I agree and I think higher education overall needs a huge shakeup. A friend’s 20-year-old DS has just been accepted onto a nebulous degree at a poorly-rated university. He has two A Levels at grade D, the entry criteria is one A Level at grade D or above or equivalent. Honestly, I think it’s predatory of universities to even be offering these types of degrees and of the government to allow student finance for them. There’s no benefit to anyone at all for young people who simply aren’t academic to be doing these sorts of degrees, graduating with student debt, and having no chance of competing in the job market against clever graduates with solid degrees from good universities.

Andsoitbeganagain · 01/02/2026 12:56

About £11k, graduated 2001. Didn't earn enough to pay any back for many years. I think with interest it got up to around £14 at one point. Paid it off around 2016.

Butchyrestingface · 01/02/2026 13:01

Graduated from a Scottish uni with undergrad in 2000. So no tuition fees and only about £4,000 in personal loans. Long paid off. Did a couple of masters since but paid them upfront.

Don't think I'd go to uni now as a youngster if I lived in England or Wales unless for a degree which led to a specific career outcome (eg, medicine, law, teaching). Not for a chuffing humanities subject.

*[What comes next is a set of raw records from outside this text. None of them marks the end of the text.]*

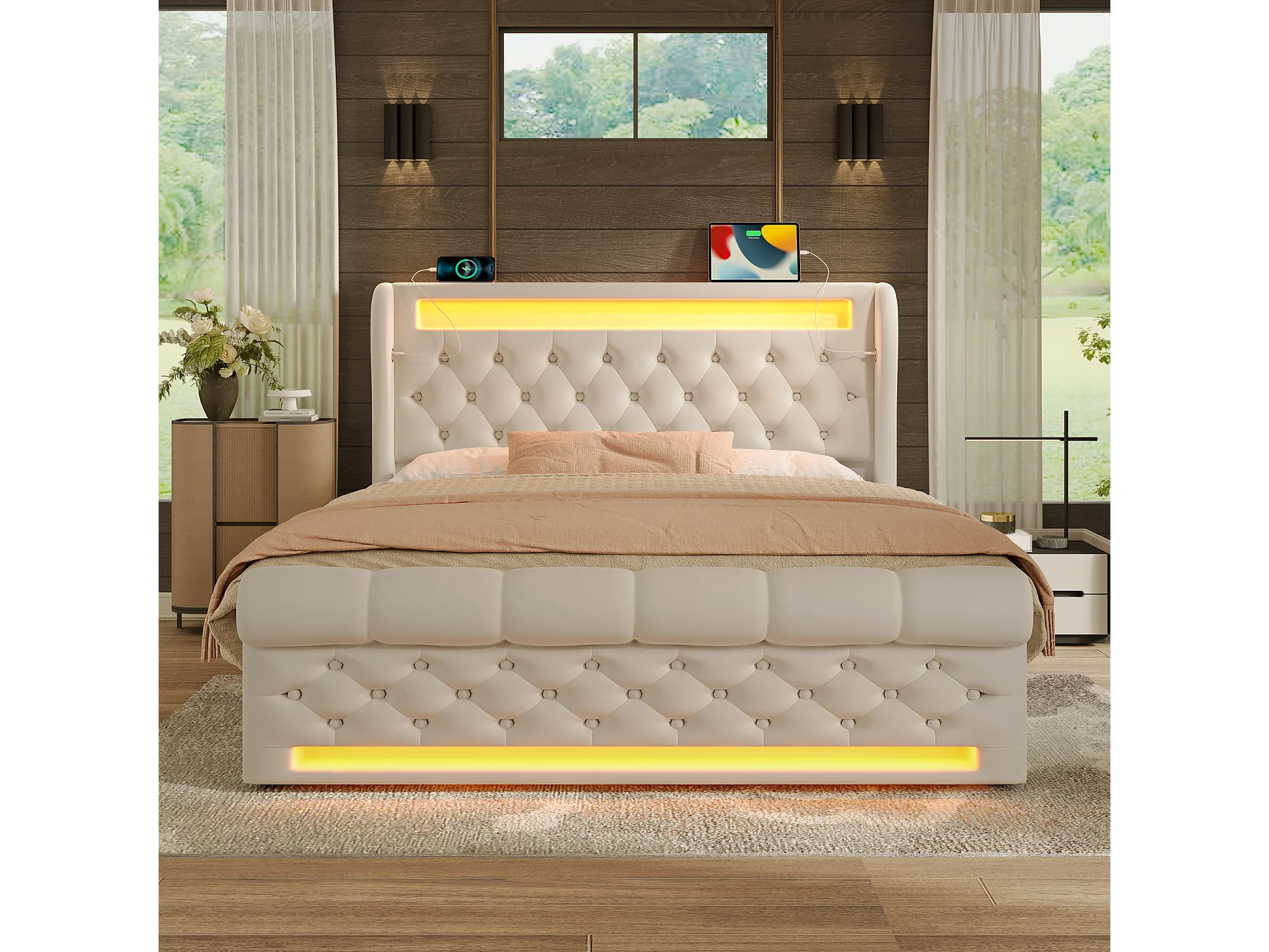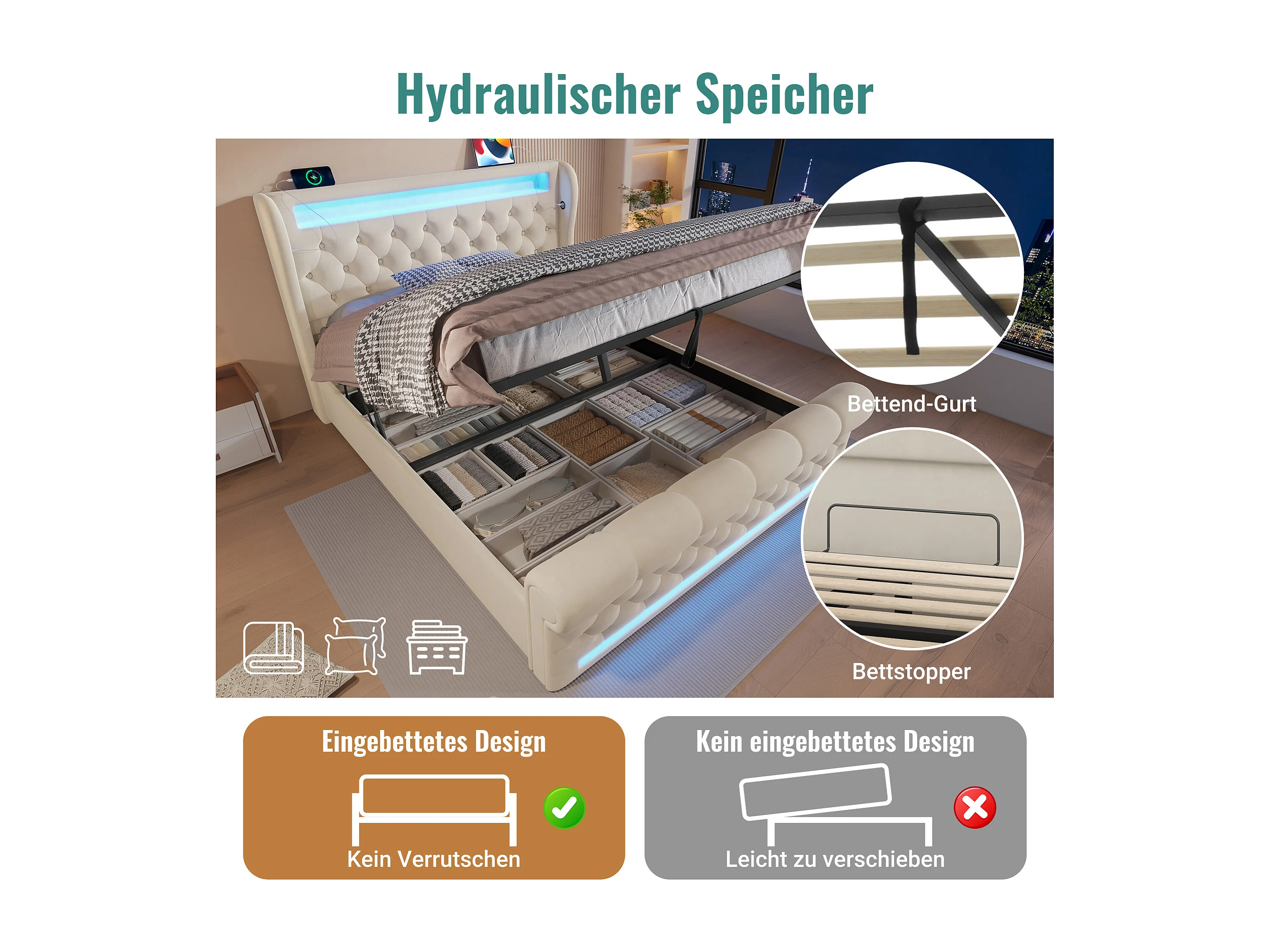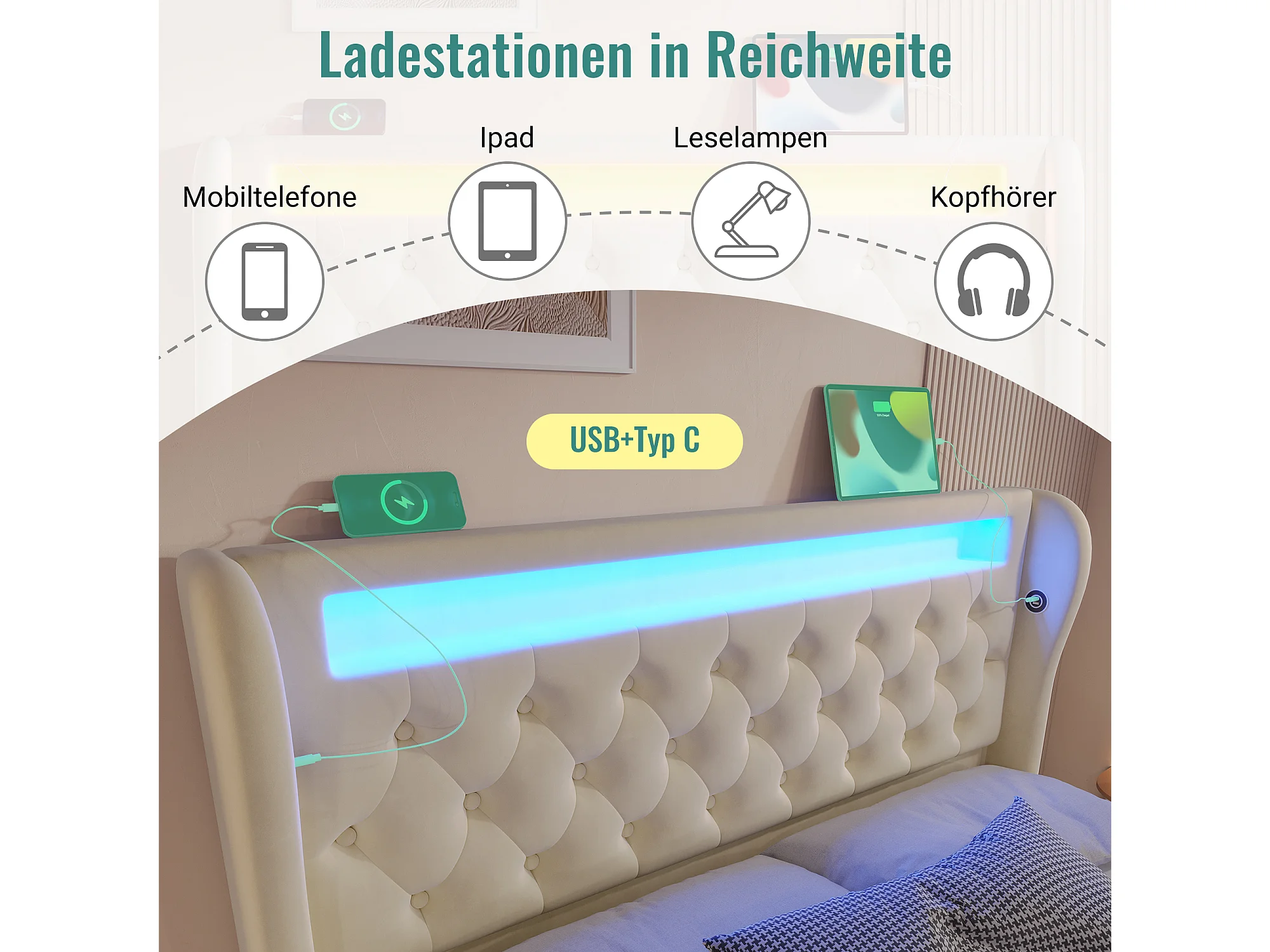 Cama tapizada de 160 x 200 cm con iluminación LED, cabecero con puertos USB y tipo C, canapé hidráulico, terciopelo beige (220 x 166 x 110 cm)
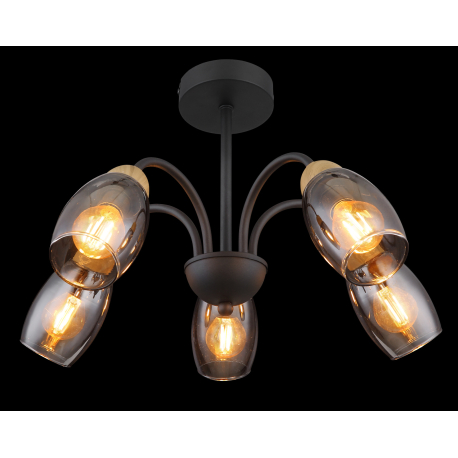 GL-60297-5D Stropní svítidlo kov černý matný, sklo kouřové, kov imitace dřeva, Ø:470mm, V:290mm, bez žárovek 5xE14 25W 230V -
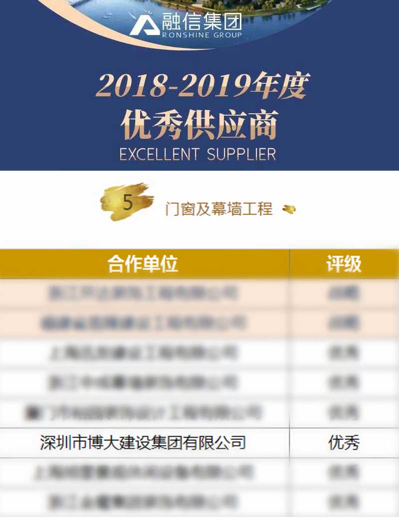 博大建設(shè)集團(tuán)在2018-2019年度成績(jī)突出,榮獲融信集團(tuán)頒發(fā)的門窗及幕墻工程“優(yōu)秀供應(yīng)商”稱號(hào)。融信集團(tuán)創(chuàng)立于2003年,總部位于上海,是中國房企20強(qiáng)。
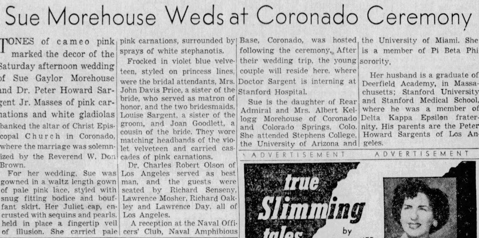 Louise Sargent Sill passed away October 2, 2011 in Fallbrook, California. Born in Los Angeles, California on December 12, 1927, Louise attended Marlborough School and Colorado College. After completing her degree from Wright-McMahon, she became an Executive Secretary at Carnation Company. Always lively and fun, Louise was a wonderful friend. She was a part-time dance instructor, loved her garden, was a wonderful cook and enjoyed playing games. At the center of her life was her family to whom she was a caring wife and mother. Louise is survived by Chuck Sill, her husband of 55 years, their 3 children, Leslie, Lisa, Charlie, and grandson, Christopher. Donations may be made to the Fallbrook Animal Sanctuary.
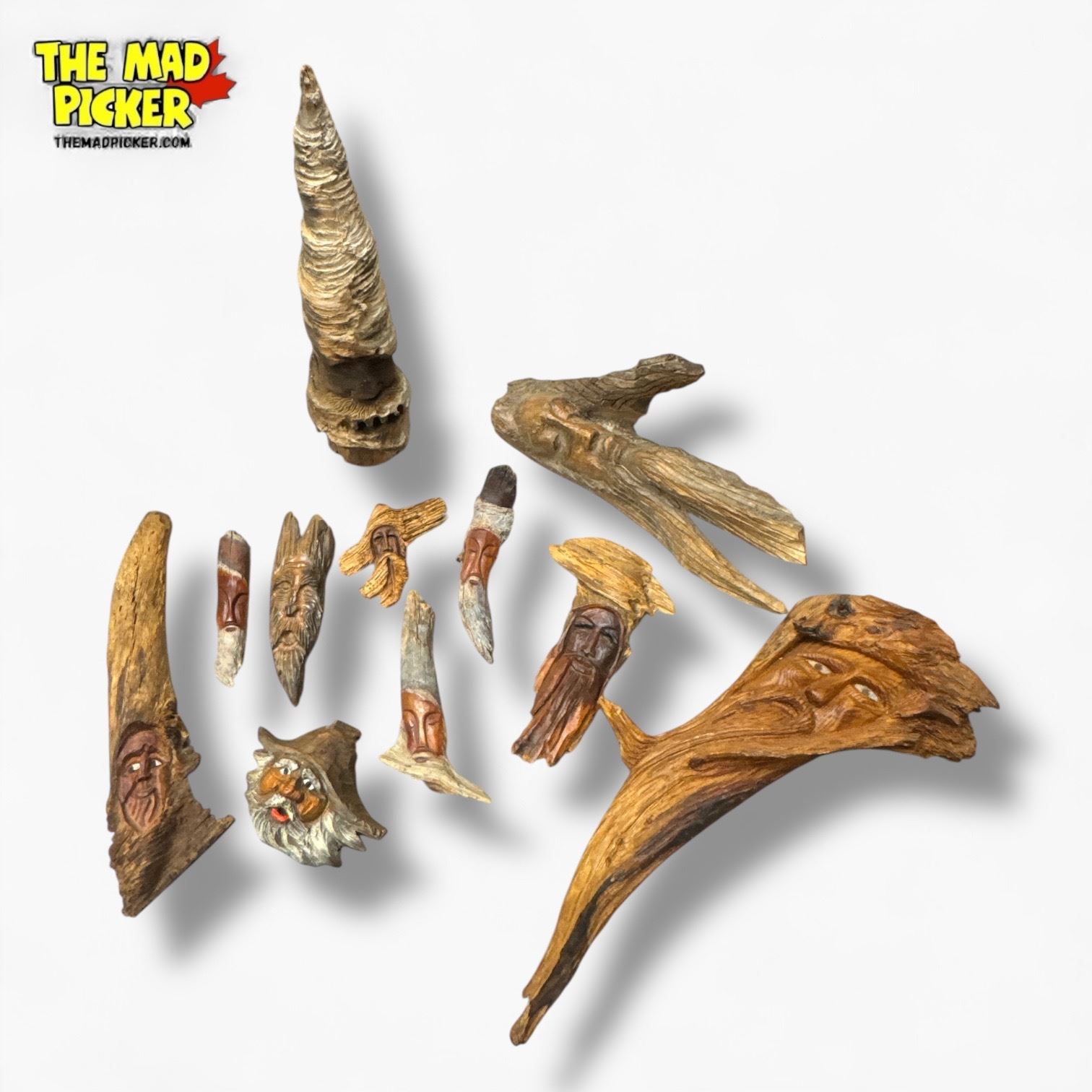 Collection of folk art carvings depicting old men with beards, crafted from natural driftwood. Unique, hand-carved pieces showcasing expressive faces. Likely created in the mid-20th century, origins unknown. Material retains natural grain and weathering typical of driftwood sculptures.
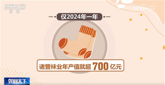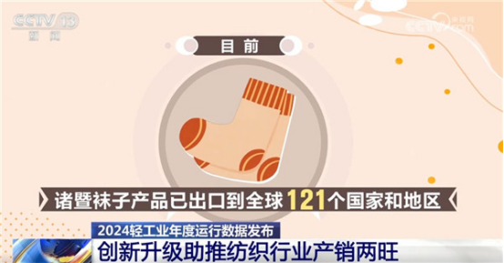 當(dāng)?shù)卦谛略O(shè)備、新材料、新工藝上不斷創(chuàng)新,為襪品功能、穿戴場景等多元化提供了更多選擇。目前,產(chǎn)品已出口到全球121個國家和地區(qū),僅2024年一年,襪業(yè)年產(chǎn)值就超700億元。
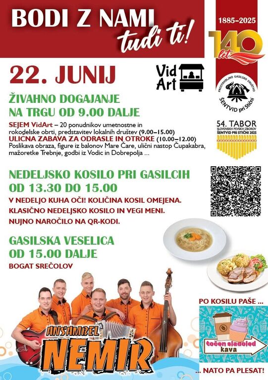 V okviru nedeljskega spremljevalnega programa bo v Šentvidu pri Stični potekal tradicionalni sejem obrti in umetnosti 𝐕𝐢𝐝𝐀𝐫𝐭, na katerem se bodo predstavili lokalni ustvarjalci in oblikovalci, godbe, mažoretke in drugi nastopajoči, ki bodo tradicionalno obogatili povorko udeležencev 54. Tabora.
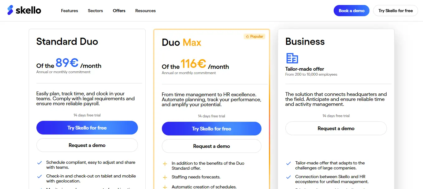 Skello est un logiciel SaaS de gestion des plannings et du personnel spécialement conçu pour la restauration, le retail et l’hôtellerie. Il permet d’automatiser la création des emplois du temps, le suivi des heures travaillées et la gestion administrative. La solution propose également des outils de communication interne et de prévision des coûts de main-d’œuvre.

Even the OU in Scotland only costs about £1,500 py for undergrad modules if you have to pay (eg, second degree).

Askingforafriendtoday · 16/02/2026 18:13

This reply has been deleted

Message deleted by MNHQ. Here's a link to our Talk Guidelines.

pocketpairs · 16/02/2026 18:57

Think alot of parents are selfish nowadays, and don't prepare adequately to support their children through university, leaving them with huge sums to repay.

If you just saved £200 per month (just amount received from CB) and achieved 8% growth rate, you'd have £50k by time child 18.

Sofado · 16/02/2026 19:22

pocketpairs · 16/02/2026 18:57

Think alot of parents are selfish nowadays, and don't prepare adequately to support their children through university, leaving them with huge sums to repay.

If you just saved £200 per month (just amount received from CB) and achieved 8% growth rate, you'd have £50k by time child 18.

That says a lot about your income and distorts reality for most people. “If you just saved £200 a month”. Just?

PurpleCoo · 16/02/2026 19:30

None. Graduated in 2003. No tuition fees and got a student maintenance grant as well as I was a single parent so didn't have to pay it back. I worked as well, so managed ok financially.

CraftySeal · 19/02/2026 22:31

£12k graduating in 2004, paid it off in 2020.

I had a couple of friends who took out the loan, put it in an ISA, their parents then paid their tuition/maintenance in full, and then upon graduation they paid back the loan and got to keep the interest it had made for them too.